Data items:
*** Block opens ***

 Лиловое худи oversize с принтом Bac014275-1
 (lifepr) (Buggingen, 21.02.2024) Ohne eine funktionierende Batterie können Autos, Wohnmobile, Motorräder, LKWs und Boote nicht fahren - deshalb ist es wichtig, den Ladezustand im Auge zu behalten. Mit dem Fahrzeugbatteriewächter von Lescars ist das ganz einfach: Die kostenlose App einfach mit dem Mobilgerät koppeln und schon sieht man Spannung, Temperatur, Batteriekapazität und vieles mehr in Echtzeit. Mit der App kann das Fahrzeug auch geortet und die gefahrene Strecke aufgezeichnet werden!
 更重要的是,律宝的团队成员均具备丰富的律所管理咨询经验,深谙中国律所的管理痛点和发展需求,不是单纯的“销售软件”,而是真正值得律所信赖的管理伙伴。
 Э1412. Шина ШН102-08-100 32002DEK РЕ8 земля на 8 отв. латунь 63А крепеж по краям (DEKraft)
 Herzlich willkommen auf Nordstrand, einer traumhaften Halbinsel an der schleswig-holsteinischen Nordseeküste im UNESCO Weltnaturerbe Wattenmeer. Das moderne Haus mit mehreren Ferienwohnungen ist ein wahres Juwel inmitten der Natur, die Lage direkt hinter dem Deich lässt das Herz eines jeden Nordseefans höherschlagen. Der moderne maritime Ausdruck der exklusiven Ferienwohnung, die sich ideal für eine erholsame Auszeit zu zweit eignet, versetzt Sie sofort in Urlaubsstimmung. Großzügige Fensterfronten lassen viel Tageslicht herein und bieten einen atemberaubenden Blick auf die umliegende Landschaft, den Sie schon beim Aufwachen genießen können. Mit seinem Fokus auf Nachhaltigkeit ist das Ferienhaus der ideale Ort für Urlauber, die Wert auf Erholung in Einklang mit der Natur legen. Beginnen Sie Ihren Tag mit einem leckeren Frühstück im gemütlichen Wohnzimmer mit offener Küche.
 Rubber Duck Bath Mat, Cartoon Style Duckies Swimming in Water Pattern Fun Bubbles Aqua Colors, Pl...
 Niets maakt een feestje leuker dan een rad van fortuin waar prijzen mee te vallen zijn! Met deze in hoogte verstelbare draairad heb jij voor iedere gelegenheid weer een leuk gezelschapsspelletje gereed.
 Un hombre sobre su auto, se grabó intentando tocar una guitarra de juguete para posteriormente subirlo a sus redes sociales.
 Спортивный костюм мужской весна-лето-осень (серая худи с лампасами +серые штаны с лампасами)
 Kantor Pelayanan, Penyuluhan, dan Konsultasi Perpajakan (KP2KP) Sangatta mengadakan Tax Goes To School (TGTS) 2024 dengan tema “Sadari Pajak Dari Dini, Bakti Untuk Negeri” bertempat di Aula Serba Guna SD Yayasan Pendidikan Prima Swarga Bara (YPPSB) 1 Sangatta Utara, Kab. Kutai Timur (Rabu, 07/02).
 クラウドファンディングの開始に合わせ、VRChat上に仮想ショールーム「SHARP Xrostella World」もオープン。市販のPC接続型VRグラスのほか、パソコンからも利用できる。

*** Block closes ***

What the task requires:
In restating the data, begin at its first line, reproduce each line word for word, and conclude with the line that contains "Спортивный костюм мужской".

Exercise response:
 Лиловое худи oversize с принтом Bac014275-1
 (lifepr) (Buggingen, 21.02.2024) Ohne eine funktionierende Batterie können Autos, Wohnmobile, Motorräder, LKWs und Boote nicht fahren - deshalb ist es wichtig, den Ladezustand im Auge zu behalten. Mit dem Fahrzeugbatteriewächter von Lescars ist das ganz einfach: Die kostenlose App einfach mit dem Mobilgerät koppeln und schon sieht man Spannung, Temperatur, Batteriekapazität und vieles mehr in Echtzeit. Mit der App kann das Fahrzeug auch geortet und die gefahrene Strecke aufgezeichnet werden!
 更重要的是,律宝的团队成员均具备丰富的律所管理咨询经验,深谙中国律所的管理痛点和发展需求,不是单纯的“销售软件”,而是真正值得律所信赖的管理伙伴。
 Э1412. Шина ШН102-08-100 32002DEK РЕ8 земля на 8 отв. латунь 63А крепеж по краям (DEKraft)
 Herzlich willkommen auf Nordstrand, einer traumhaften Halbinsel an der schleswig-holsteinischen Nordseeküste im UNESCO Weltnaturerbe Wattenmeer. Das moderne Haus mit mehreren Ferienwohnungen ist ein wahres Juwel inmitten der Natur, die Lage direkt hinter dem Deich lässt das Herz eines jeden Nordseefans höherschlagen. Der moderne maritime Ausdruck der exklusiven Ferienwohnung, die sich ideal für eine erholsame Auszeit zu zweit eignet, versetzt Sie sofort in Urlaubsstimmung. Großzügige Fensterfronten lassen viel Tageslicht herein und bieten einen atemberaubenden Blick auf die umliegende Landschaft, den Sie schon beim Aufwachen genießen können. Mit seinem Fokus auf Nachhaltigkeit ist das Ferienhaus der ideale Ort für Urlauber, die Wert auf Erholung in Einklang mit der Natur legen. Beginnen Sie Ihren Tag mit einem leckeren Frühstück im gemütlichen Wohnzimmer mit offener Küche.
 Rubber Duck Bath Mat, Cartoon Style Duckies Swimming in Water Pattern Fun Bubbles Aqua Colors, Pl...
 Niets maakt een feestje leuker dan een rad van fortuin waar prijzen mee te vallen zijn! Met deze in hoogte verstelbare draairad heb jij voor iedere gelegenheid weer een leuk gezelschapsspelletje gereed.
 Un hombre sobre su auto, se grabó intentando tocar una guitarra de juguete para posteriormente subirlo a sus redes sociales.
 Спортивный костюм мужской весна-лето-осень (серая худи с лампасами +серые штаны с лампасами)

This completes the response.